WHAT TO DO:
Print the listing exactly.

DATA RECORDS:
<<<<

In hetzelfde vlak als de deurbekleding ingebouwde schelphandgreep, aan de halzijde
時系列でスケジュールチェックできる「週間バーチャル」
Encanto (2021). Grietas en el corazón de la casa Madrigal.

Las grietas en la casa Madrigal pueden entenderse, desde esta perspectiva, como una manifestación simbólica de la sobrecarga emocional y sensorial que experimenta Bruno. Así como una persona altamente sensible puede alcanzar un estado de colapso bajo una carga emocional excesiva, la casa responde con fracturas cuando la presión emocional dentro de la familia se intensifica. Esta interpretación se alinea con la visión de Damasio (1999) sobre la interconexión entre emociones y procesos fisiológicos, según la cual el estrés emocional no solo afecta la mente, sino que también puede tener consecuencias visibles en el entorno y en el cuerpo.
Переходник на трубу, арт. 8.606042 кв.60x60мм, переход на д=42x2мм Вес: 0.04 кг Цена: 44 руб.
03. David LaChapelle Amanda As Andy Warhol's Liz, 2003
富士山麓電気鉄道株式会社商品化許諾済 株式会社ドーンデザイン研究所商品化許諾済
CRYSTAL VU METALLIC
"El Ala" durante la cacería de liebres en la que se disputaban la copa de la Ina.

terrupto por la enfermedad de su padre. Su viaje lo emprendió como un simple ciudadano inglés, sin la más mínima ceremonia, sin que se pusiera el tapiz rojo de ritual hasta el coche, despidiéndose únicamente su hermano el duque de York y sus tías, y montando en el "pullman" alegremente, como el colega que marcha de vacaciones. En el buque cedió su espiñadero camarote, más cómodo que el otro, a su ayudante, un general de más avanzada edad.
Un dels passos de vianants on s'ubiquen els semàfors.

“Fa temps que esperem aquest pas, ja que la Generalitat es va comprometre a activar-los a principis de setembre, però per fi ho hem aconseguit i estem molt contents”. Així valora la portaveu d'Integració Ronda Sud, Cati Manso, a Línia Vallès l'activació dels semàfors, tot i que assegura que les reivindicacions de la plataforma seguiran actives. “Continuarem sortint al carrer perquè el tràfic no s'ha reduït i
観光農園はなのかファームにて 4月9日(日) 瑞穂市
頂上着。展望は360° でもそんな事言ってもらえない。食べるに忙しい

>>>>

RESPONSE TO THIS EXERCISE:
In hetzelfde vlak als de deurbekleding ingebouwde schelphandgreep, aan de halzijde
時系列でスケジュールチェックできる「週間バーチャル」
Encanto (2021). Grietas en el corazón de la casa Madrigal.

Las grietas en la casa Madrigal pueden entenderse, desde esta perspectiva, como una manifestación simbólica de la sobrecarga emocional y sensorial que experimenta Bruno. Así como una persona altamente sensible puede alcanzar un estado de colapso bajo una carga emocional excesiva, la casa responde con fracturas cuando la presión emocional dentro de la familia se intensifica. Esta interpretación se alinea con la visión de Damasio (1999) sobre la interconexión entre emociones y procesos fisiológicos, según la cual el estrés emocional no solo afecta la mente, sino que también puede tener consecuencias visibles en el entorno y en el cuerpo.
Переходник на трубу, арт. 8.606042 кв.60x60мм, переход на д=42x2мм Вес: 0.04 кг Цена: 44 руб.
03. David LaChapelle Amanda As Andy Warhol's Liz, 2003
富士山麓電気鉄道株式会社商品化許諾済 株式会社ドーンデザイン研究所商品化許諾済
CRYSTAL VU METALLIC
"El Ala" durante la cacería de liebres en la que se disputaban la copa de la Ina.

terrupto por la enfermedad de su padre. Su viaje lo emprendió como un simple ciudadano inglés, sin la más mínima ceremonia, sin que se pusiera el tapiz rojo de ritual hasta el coche, despidiéndose únicamente su hermano el duque de York y sus tías, y montando en el "pullman" alegremente, como el colega que marcha de vacaciones. En el buque cedió su espiñadero camarote, más cómodo que el otro, a su ayudante, un general de más avanzada edad.
Un dels passos de vianants on s'ubiquen els semàfors.

“Fa temps que esperem aquest pas, ja que la Generalitat es va comprometre a activar-los a principis de setembre, però per fi ho hem aconseguit i estem molt contents”. Així valora la portaveu d'Integració Ronda Sud, Cati Manso, a Línia Vallès l'activació dels semàfors, tot i que assegura que les reivindicacions de la plataforma seguiran actives. “Continuarem sortint al carrer perquè el tràfic no s'ha reduït i
観光農園はなのかファームにて 4月9日(日) 瑞穂市
頂上着。展望は360° でもそんな事言ってもらえない。食べるに忙しい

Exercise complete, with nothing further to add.